Una serie di cittadini ha denunciato la spiacevole sorpresa che terrebbe improvvisamente in ostaggio le passeggiate sul lungomare. Una novità mal digerita dalla comunità, che attendeva spiegazioni a riguardo.
Stasera il consigliere Giovanni Carità, a margine della convocazione della seconda Commissione comunale convocata per discutere di alcune modifiche al Regolamento per la gestione del porto, ha spiegato quanto segue.
“Dalle due immagini allegate è facile dedurre che l’attuale Regolamento dell’area portuale permette l’accesso alla stessa solo ed esclusivamente ai diportisti e al personale autorizzato. Ne consegue che gli accessi debbano per forza di cose essere rispettosi del Regolamento. Cosa ha deciso la Commissione odierna? Per garantire l’accesso a tutti i cittadini, sempre escludendo ogni tipologia di mezzo, si sottoporranno al parere degli organici competenti alcune parziali modifiche all’attuale Regolamento.
Qualora queste modifiche verranno accolte dalla Capitaneria di Porto competente, il nuovo Regolamento andrà in Consiglio Comunale per la definitiva approvazione e successiva adozione”-
In sintesi: “Al momento, in attesa delle modifiche di cui sopra, la barriera automatizzata resterà in funzione e così per come si presenta. Questo per impedire l’accesso e il transito di non autorizzati”.
Quanto tempo servirà per terminare l’iter?

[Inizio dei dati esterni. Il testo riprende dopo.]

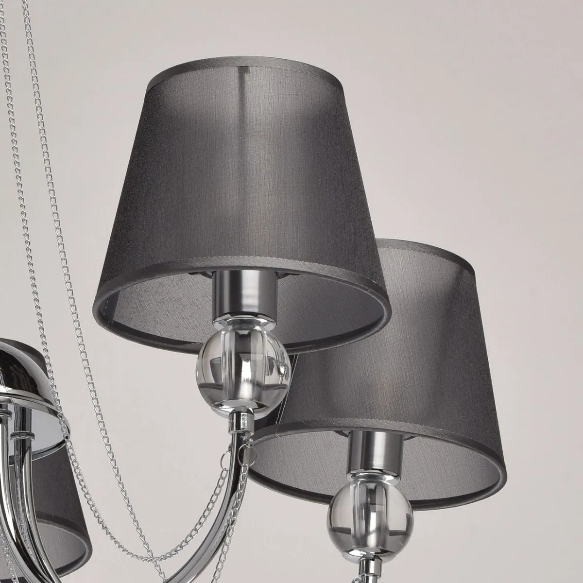 Металлическое основание цвета хрома. Плафоны - органза. Декор - хрусталь
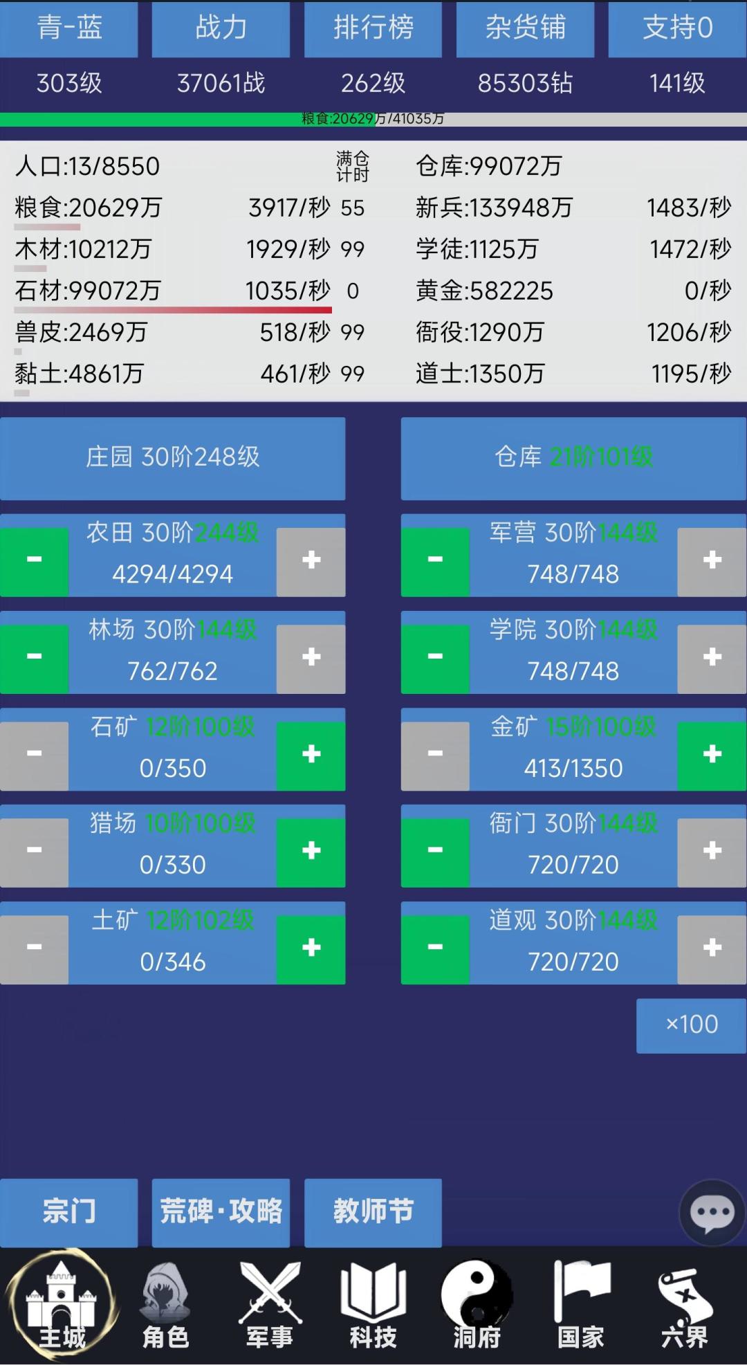 在主城建设农田、房屋,产出粮食、吸引人口,分配人口至林场、石矿、猎场、土矿、军营、学院、金矿、衙门、道观工作,增加相应基础资源产出。
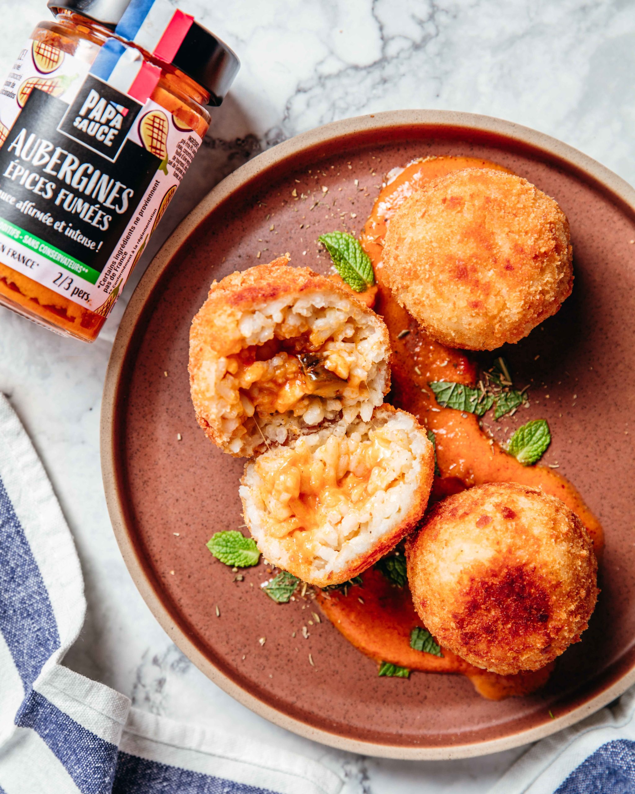 - Pour la formation des boulettes, humidifiez vos mains, prenez le riz dans le creux de la main et creusez un trou, ajouter la Papa Sauce Aubergines & Epices fumées, des cubes d’aubergines et des cubes de mozzarella (quantité à votre convenance et selon votre gourmandise).
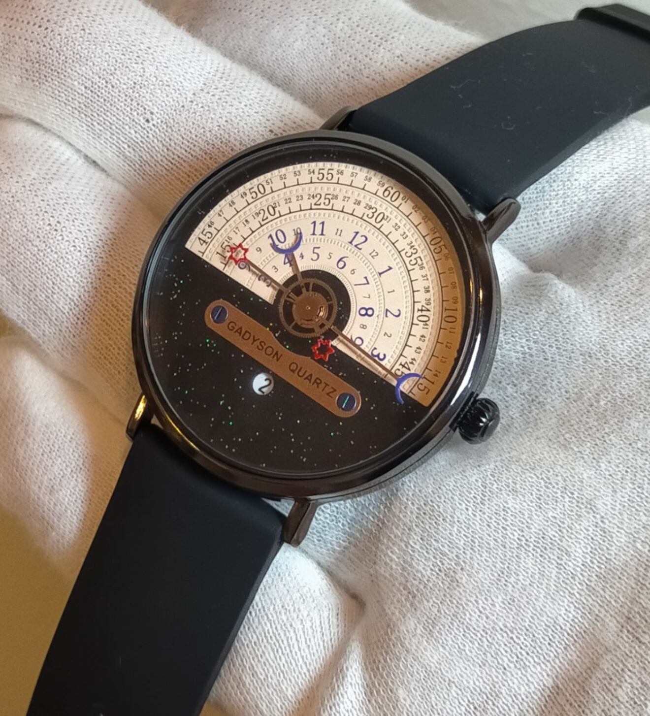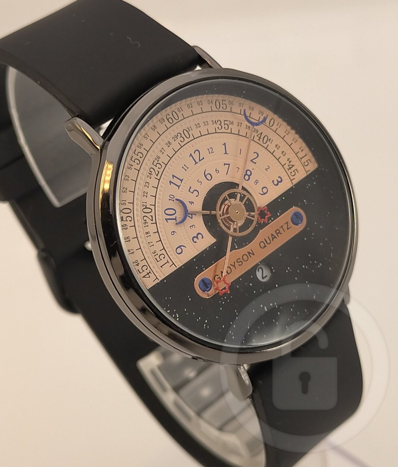 常識を覆す画期的時刻表示方【ラバーバンドでオールシーン対応ドレスウォッチに/新品】日付 ブラック
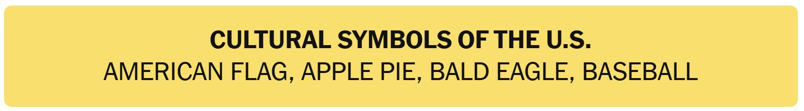 - CULTURAL SYMBOLS OF THE U.S. – AMERICAN FLAG, APPLE PIE, BALD EAGLE, BASEBALL

“Al momento non si possono dare tempi certi, previa valutazione della Capitaneria di Porto. Aggiungo: in foto non si vede benissimo, tuttavia per semplificare va detto che tutto ciò che è sotto la linea di demarcazione color viola è da intendersi area demaniale. Il colore blu e giallo invece indicano le Aree Operative, ossia quelle strettamente portuali.
Nella seconda immagine, l’introduzione della fascia color verde sta ad indicare una nuova area funzionale che permetterebbe il transito libero a piedi”.